To facilitate SEM imaging, biological specimens that are not related to the experiment are embedded with the target samples. These biological specimens are used as a kind of “filler material,” which modifies the physical properties of the surrounding resin. Biological filler materials are stained and prepared similarly to the target tissues, and therefore the physical properties of the filler and target tissues are similar. One example of the biological filler materials is tissue from the mouse brain, which was embedded with larval zebrafish for serial sectioning by ATUM (Figure 3A; Hildebrand et al., 2017). Homogenous hardness and stability of sample blocks facilitate repeated serial sectioning by ATUM and prevent heterogeneous shrinkage, deformation and folding of sections. Small larval zebrafish samples were post-fixed, stained en bloc, embedded into resin blocks, and finally surrounded by mouse brain tissues for stabilization during sectioning.
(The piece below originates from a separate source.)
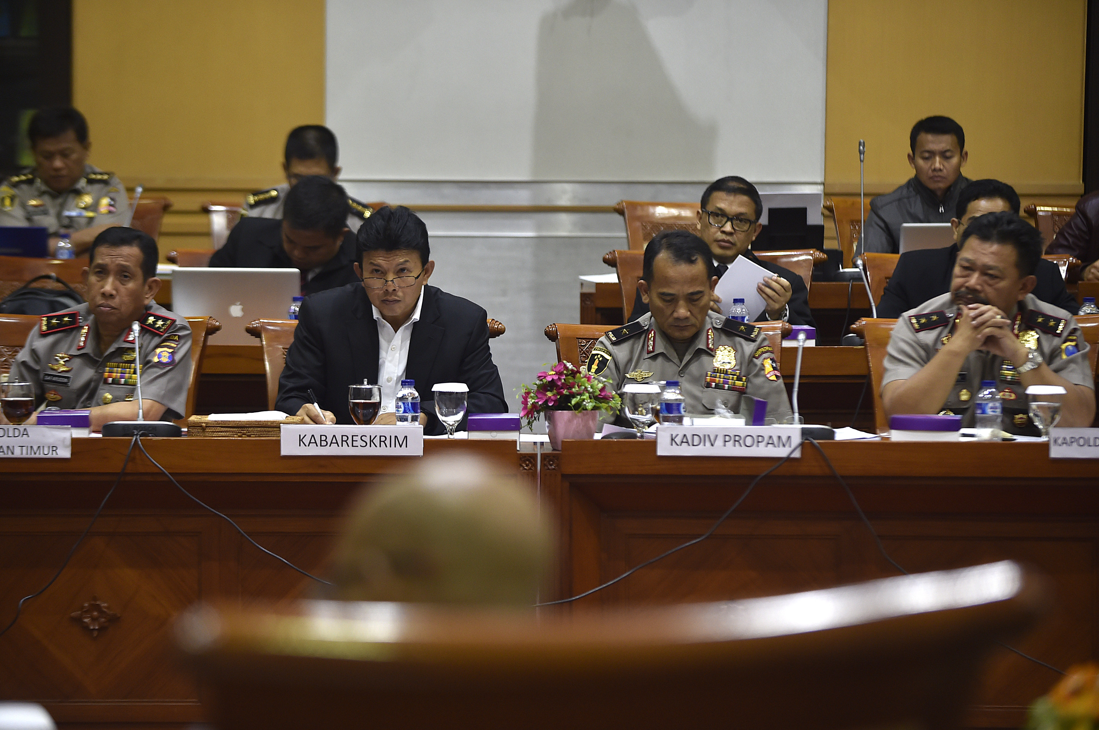 Kabareskrim Komjen Pol Ari Dono Sukmanto (kedua kiri) didampingi Kapolda Kaltim Irjen Pol Safarudin (kiri), Kadiv Propam Mabes Polri Irjen Pol Mochamad Iriawan (kedua kanan) dan Kapolda Jatim Irjen Pol Anton Setiadji mendengarkan pertanyaan anggota Komisi III dalam rapat dengar pendapat umum (RDPU) di Komplek Parlemen Senayan, Jakarta, Selasa (26/7). Panja Penegakan Hukum Komisi III mengundang Kabareskrim dan empat Kapolda dalam rangka membahas kasus di pusat dan daerah, diantaranya penggeledahan kasus suap yang tidak jelas tindakannya dan 43 ribu kasus yang hilang di jalan tidak dilaporkan pada penuntut umum. ANTARA FOTO/Puspa Perwitasari/foc/16.

In this study, 17,963 sections at 60 nm thickness were acquired in ATUM for serial image acquisition. In total, 244 (1.34%) sections were lost and 283 (1.55%) were partially lost, while no two adjacent sections were lost. Although more quantitative analyses on physical properties of the brain “filler materials” are required, it is possible that filler biological samples treated and embedded similarly to the target specimens substantially improve production of and imaging from serial ultrathin sections.

Aggregated unicellular organisms can also be used as biological support materials. C. elegans was embedded with E. coli or yeast cells during cryofixation to facilitate handling and localization of the samples (Figure 3A; Möller-Reichert et al., 2003; Hall et al., 2012). The samples were still surrounded by biological material during the subsequent tissue preparation procedures, including freeze-substitution, and the resins surrounding the C. elegans sample at the time of observation were filled with biological material that was stained and embedded at the same time (Hall et al., 2012). Because the sample has biological components enriched with metal deposition, the regions occupied by the organism had different physical properties from bare resin. These types of approaches using biological filler materials are promising options to facilitate serial image acquisition using SEM.

Besides biological tissues, other filler materials have been used to modulate the physical properties of resins. For example, the addition of metal particles alters properties such as the electrical and thermal conductivity of plastic (Bhattacharya and Chaklader, 2006). Metallic particles are embedded to image brain tissues by SBEM, where samples with low metal deposition or areas of non-conductive embedding media outside of tissues are susceptible to charging artifacts (Figure 3B). Epo-Tek and Epon embedding (EE embedding) uses commercially available epoxy glue containing silver particles, and this technique enables embedding conductive resins with metal particles in the vicinity of target brain samples (Wanner et al., 2016). Although areas with less heavy metal deposition have charging artifacts, this approach facilitated serial imaging of brain samples under high-vacuum conditions. Serial images of 4,750 sections at 25 nm thickness could be acquired in this study, and only one section was lost, proving that EE-embedding is a promising approach and considered to be suitable for ultra-thin sectioning. Recent studies used the same approach, and one of them acquired 11,416 slices of tiled images at 10 nm × 10 nm × 25 nm resolution in SBEM (Genoud et al., 2018; Titze et al., 2018). This approach is further evidence that using conductive metal particles around target samples facilitates serial SEM image acquisition, especially SBEM, which is readily affected by charging artifacts.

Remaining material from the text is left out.